Memorandum
| To: |
BioInformatics Interns |
| From: |
Internship Coordinator |
| Subject: |
Methods for Locating Sequences |
I am looking forward to working with each of you on the next tasks ahead.
Your first goal will be to locate a set of molecular sequences from different strains of influenza at the NCBI database. You will test several methods because the sequences are located in many different places and we use different methods to find them. In the Avian Influenza project, you will find that the best methods will depend on the information you have on hand. For example, if a sequence has been described in a published paper, you can use the accession number from the paper to locate the sequence. If you don't have an accession number, but you know the name of the sequence, you can search with the sequence name. If you know the name of the organism that served as the source of the sequence, you can look for sequences from that organism, or, if you have a nucleic acid or protein sequence, you can use a search program called BLAST (Basic Local Alignment Search Tool) to find sequences that are similar.
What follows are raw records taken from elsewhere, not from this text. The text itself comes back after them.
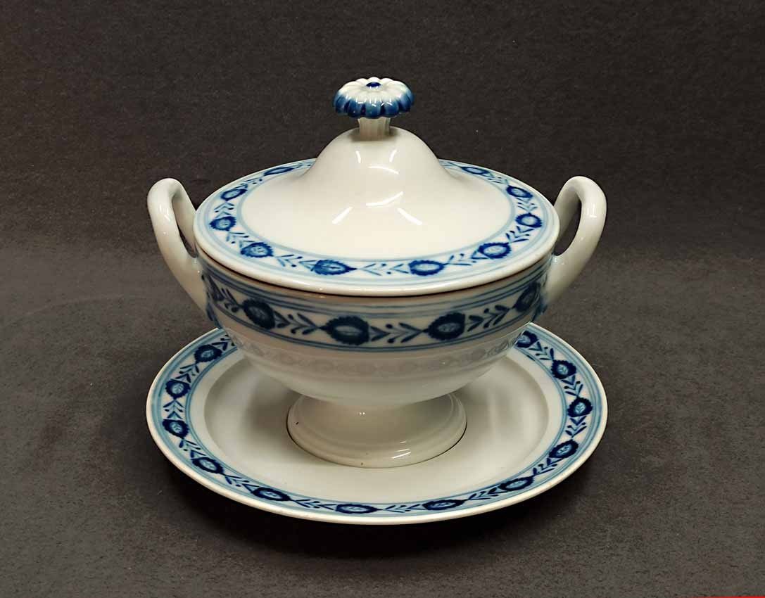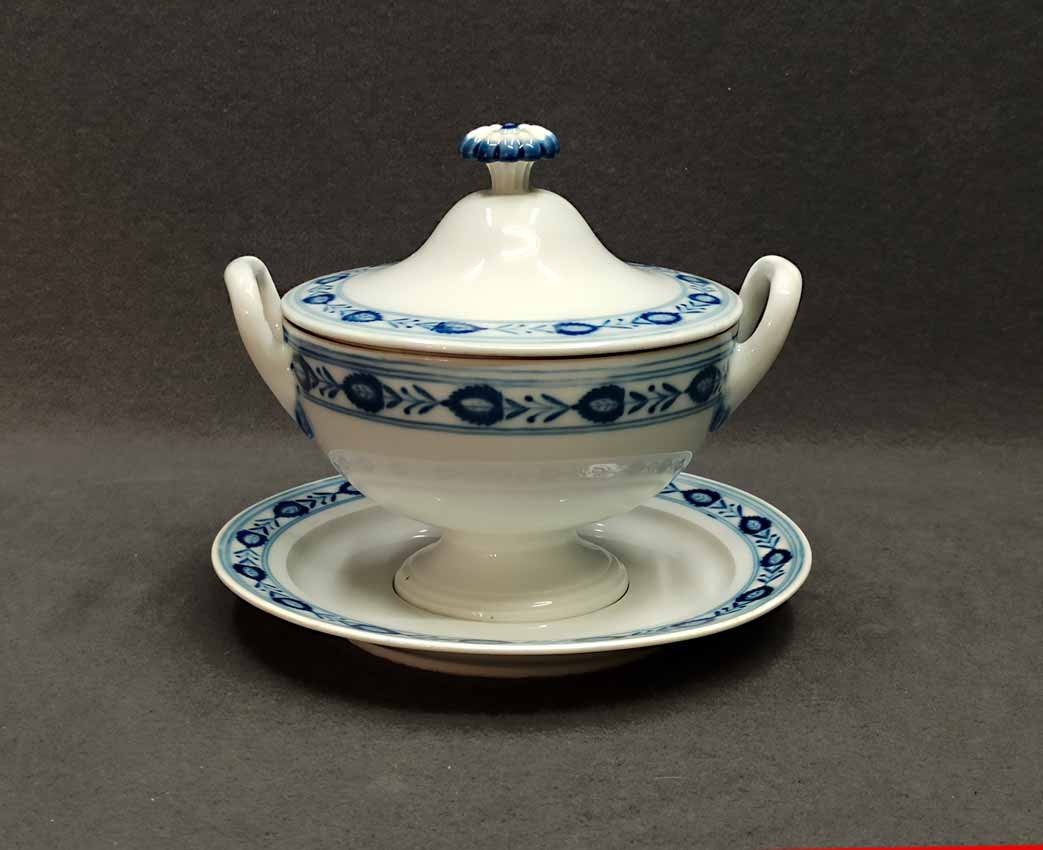 Reserviert! Meissen um 1860, Deckelterrine mit Teller, Blaumalerei, 1. Wahl
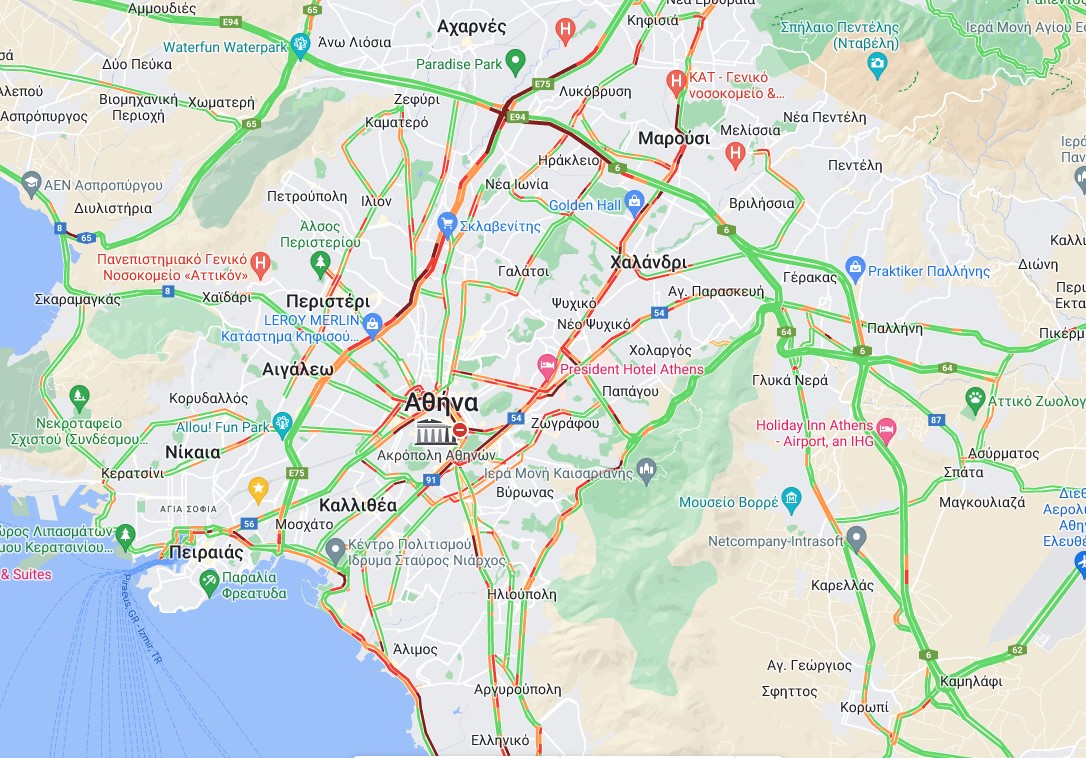 Συγκεκριμένα, τα σημαντικότερα προβλήματα καταγράφονται αυτή την ώρα και στα δύο ρεύματα στην Αθηνών-Λαμίας, στην άνοδο της Λ. Κηφισού, στην Αλεξάνδρας, στα δύο ρεύματα της Λ. Κηφισίας, στην κάθοδο της Βασ. Σοφίας, στη Βασ. Κωνσταντίνου αλλά και στη Λ. Ποσειδώνος και συγκεκριμένα έως το Καραϊσκάκη στο ρεύμα προς Πειραιά.
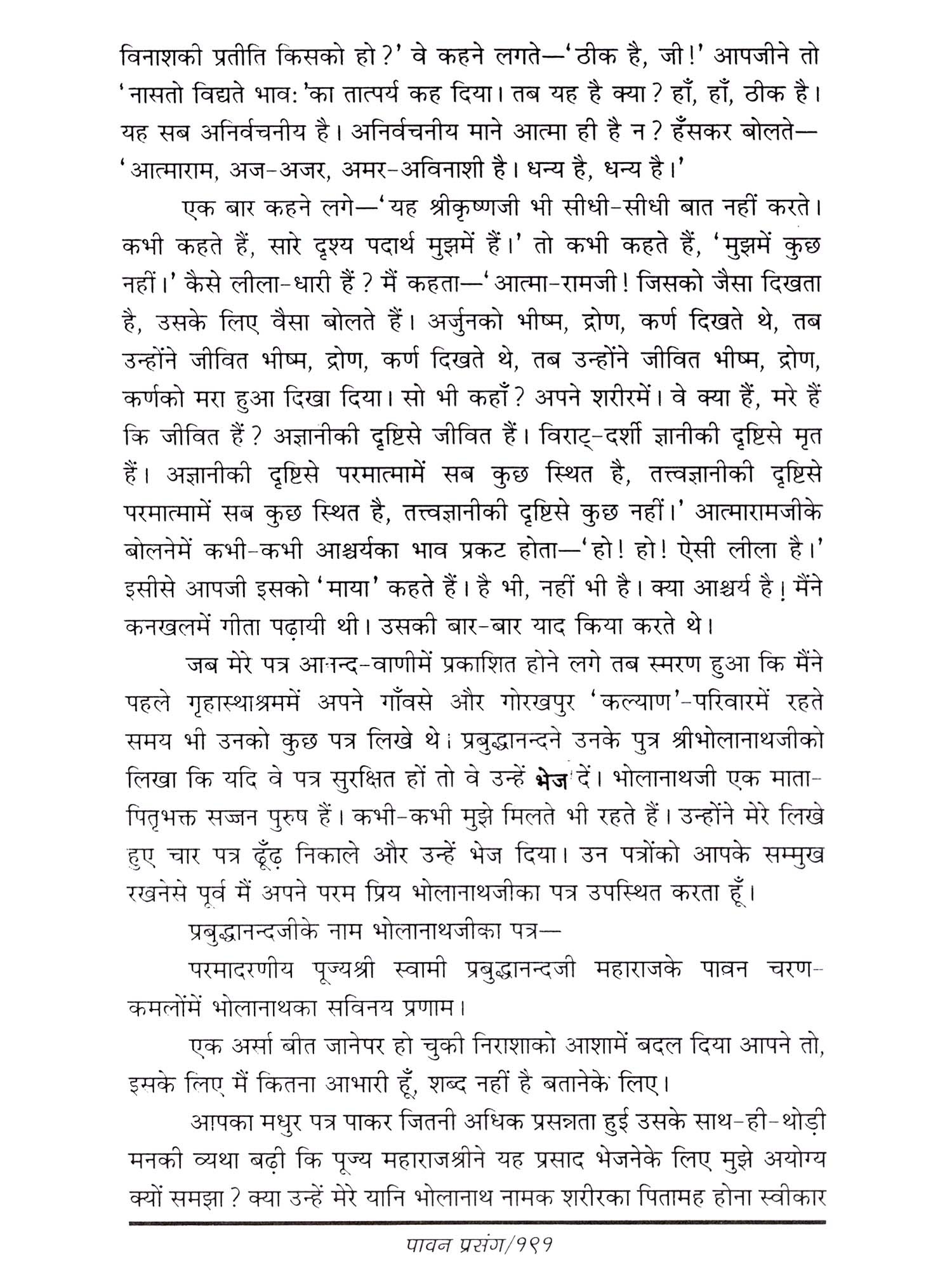सत्साहित्य प्रकाशन ट्रस्टके द्वारा प्रस्तुत ग्रन्धके रूपमें प. पू. महाराजश्रीकी एक अनुपम कृतिको भक्तों और जिज्ञासुओं तक पहुँचानेमें हमें अत्यन्त अनुभव हो रहा है। इस ग्रन्थमें छपे लेख 'आनन्द बोध' मासिक पत्रिकामें क्रमसे प्रकाशित हुए थे। तदनन्तर इन लेखोंके एकत्रित प्रकाशनकी माँग निरन्तर बनी रहीः क्योंकि ये लेख प. पू. महाराजश्रीने स्वयं आत्मकथ्यके रूपमें लिखवाये थे। हमें प्रसनता है कि अब यह कार्य सम्पन्न हो सका है। इस पावन प्रसङ्ग‌में अभी उन्हीं महापुरुषोंके सन्दर्भमें प्रकाश डाला गया है, जिन्हें आनन्द बोधके अंकोंसे संकलित किया जा सका है-इनके अतिरिक्त भी अनेक महापुरुषों-गृहस्थोंके संस्मरण अन्यत्रसे संकलित करने शेष हैं। पूज्य महाराजश्रीकी कृपासे एवं आपके सहयोगसे उन्हें भी निकट भविष्यमें प्रकाशित किया जायेगा। निश्चय ही प. पू. महाराजश्रीने अपने जीवनके इन पावन प्रसंगोंमें पदे-पदे भक्तों एवं जिज्ञासुओंके लिये प्रचुर मात्रामें बेजोड़ साधन-सूत्र दिये हैं। इनको यदि मनन करके हम जीवनमें धारण करेंगे तो हमारे चित्तके मल, विक्षेप एवं आवरण रूपी दोषोंका शीघ्रतातिशीघ्र प्रक्षालन हो सकेगा। श्री 'विष्णु' द्वारा लिखित भूमिका भी ग्रन्थमें पठनीय है। प्रस्तुत ग्रन्थके प्रकाशन हेतु श्री 'विष्णु' का ट्रस्टको आर्थिक सहयोग स्तुत्य है। श्री बाबाजी एवं उनके आत्मज चि. सोमदत्त द्विवेदी एवं चि. शिवदत्त द्विवेदीने ग्रन्थके सम्पूर्ण मुद्रणका कार्य अति दक्षतापूर्वक सम्पन्न किया है इसके लिये हम इनको हृदयसे साधुवाद देते हैं।

You will test each of these methods in turn, and at the end, discuss the pros and cons of using different types of methods with your supervisor.
The deliverables:
- A multi-sequence data set that can be formatted for use in other work.
- Information about following: the number of H and N types in the NCBI taxonomy databank, the number of possible combinations of H and N types, the number of flu subtypes that have genome sequences. This information would be used to guide strategies for vaccination programs.
- Reasonable strategies for locating sequences in diverse databanks.